(Records excerpted from a collection)

-*-

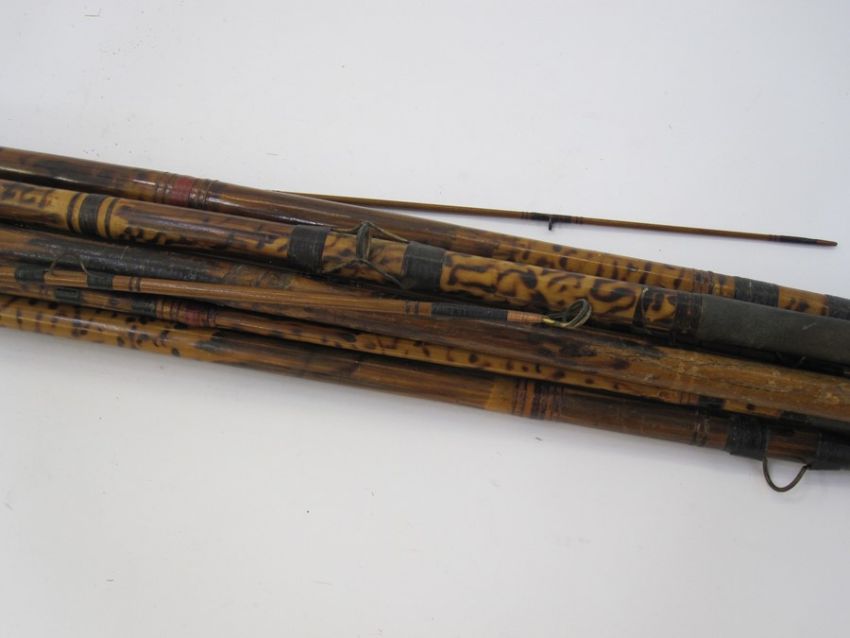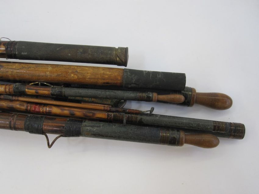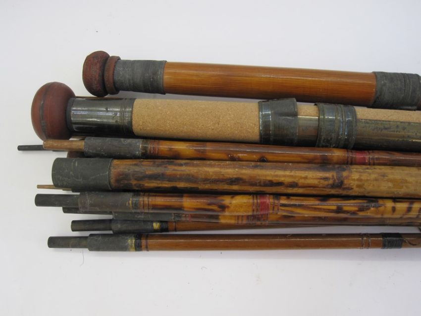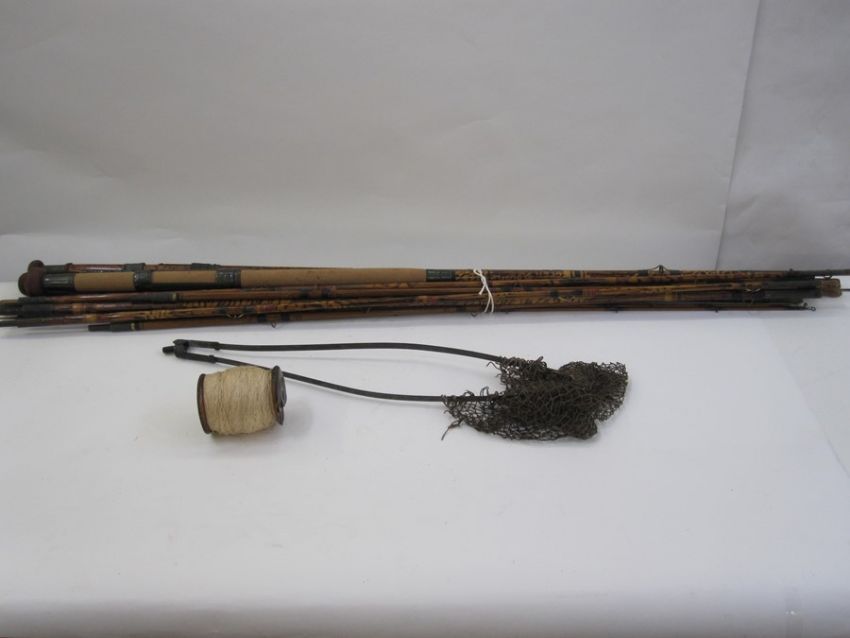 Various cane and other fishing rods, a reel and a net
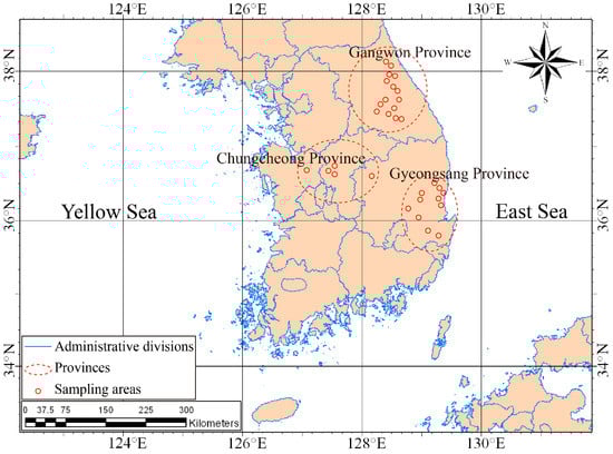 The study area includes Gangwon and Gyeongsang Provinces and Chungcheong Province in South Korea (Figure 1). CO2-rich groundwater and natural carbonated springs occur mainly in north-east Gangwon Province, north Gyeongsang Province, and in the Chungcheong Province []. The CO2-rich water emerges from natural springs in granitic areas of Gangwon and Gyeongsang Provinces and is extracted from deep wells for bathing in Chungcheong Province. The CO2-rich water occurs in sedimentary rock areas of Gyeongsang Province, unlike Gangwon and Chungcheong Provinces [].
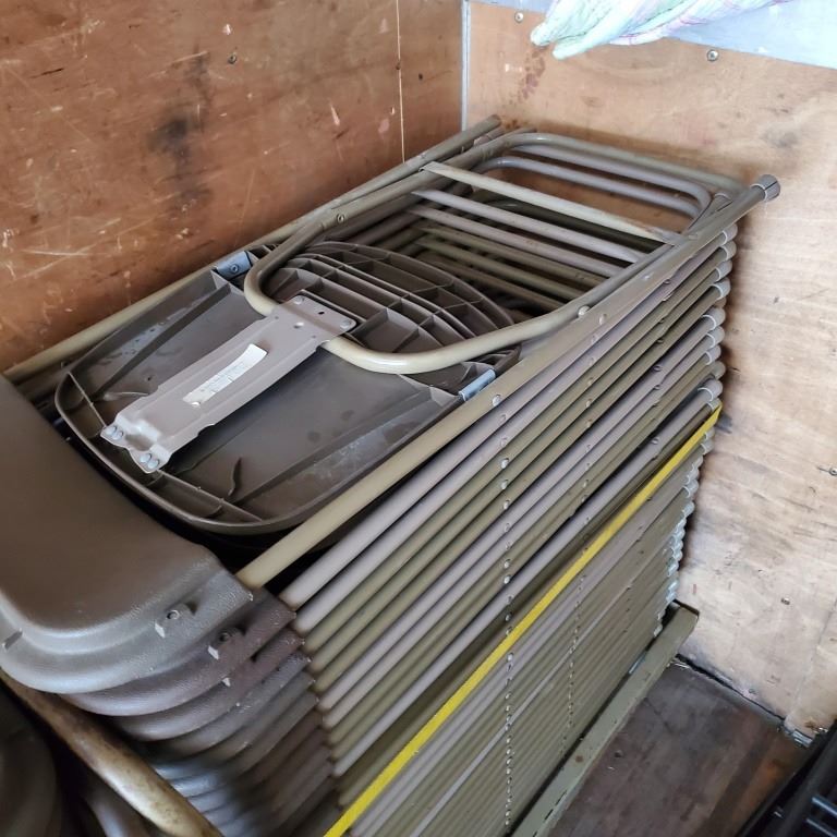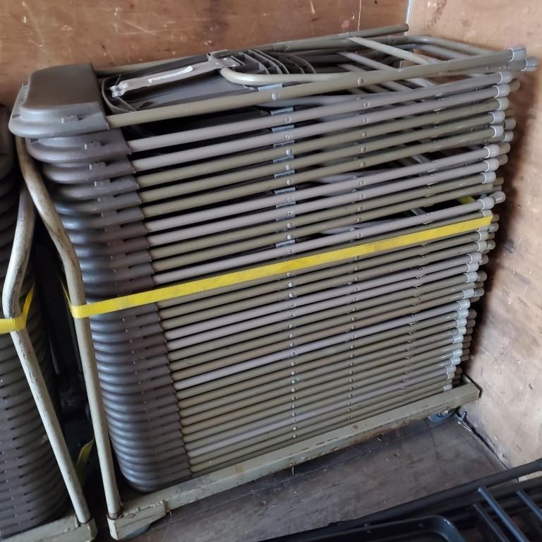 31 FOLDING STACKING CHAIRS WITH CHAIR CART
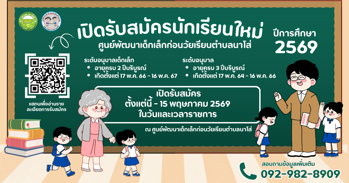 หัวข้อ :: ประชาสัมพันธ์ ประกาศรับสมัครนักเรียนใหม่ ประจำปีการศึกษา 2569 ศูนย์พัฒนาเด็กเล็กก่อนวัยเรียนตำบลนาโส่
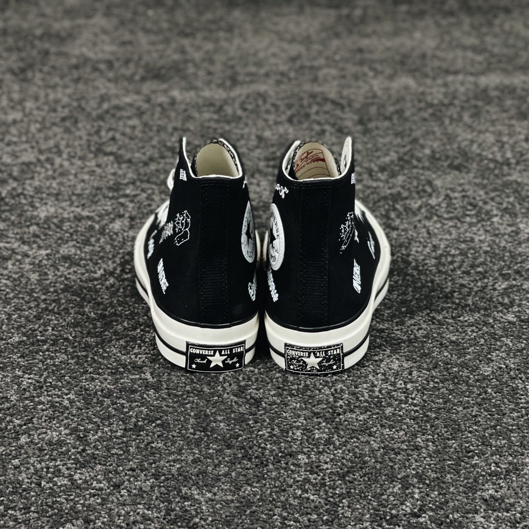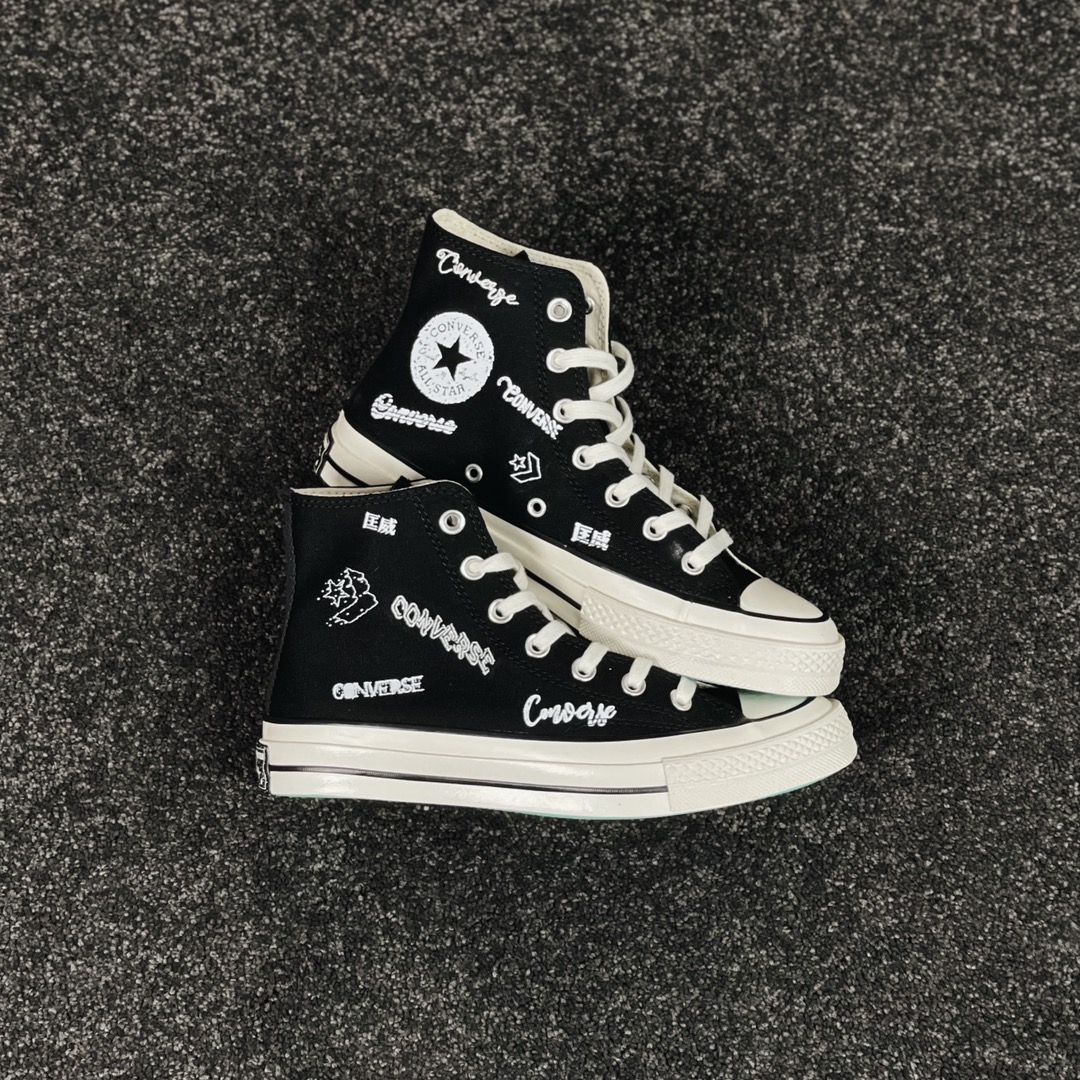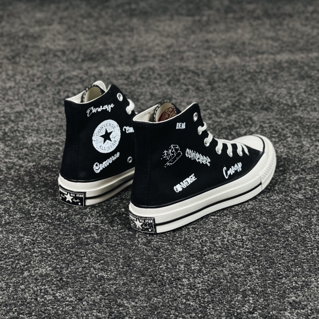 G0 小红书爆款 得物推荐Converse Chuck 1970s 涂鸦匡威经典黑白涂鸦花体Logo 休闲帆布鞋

-*-

**ACTIVITY:** The expected output is each entry given again word for word, with pictures dropped.

**ANSWER BELOW:**
 Various cane and other fishing rods, a reel and a net
 The study area includes Gangwon and Gyeongsang Provinces and Chungcheong Province in South Korea (Figure 1). CO2-rich groundwater and natural carbonated springs occur mainly in north-east Gangwon Province, north Gyeongsang Province, and in the Chungcheong Province []. The CO2-rich water emerges from natural springs in granitic areas of Gangwon and Gyeongsang Provinces and is extracted from deep wells for bathing in Chungcheong Province. The CO2-rich water occurs in sedimentary rock areas of Gyeongsang Province, unlike Gangwon and Chungcheong Provinces [].
 31 FOLDING STACKING CHAIRS WITH CHAIR CART
 หัวข้อ :: ประชาสัมพันธ์ ประกาศรับสมัครนักเรียนใหม่ ประจำปีการศึกษา 2569 ศูนย์พัฒนาเด็กเล็กก่อนวัยเรียนตำบลนาโส่
 G0 小红书爆款 得物推荐Converse Chuck 1970s 涂鸦匡威经典黑白涂鸦花体Logo 休闲帆布鞋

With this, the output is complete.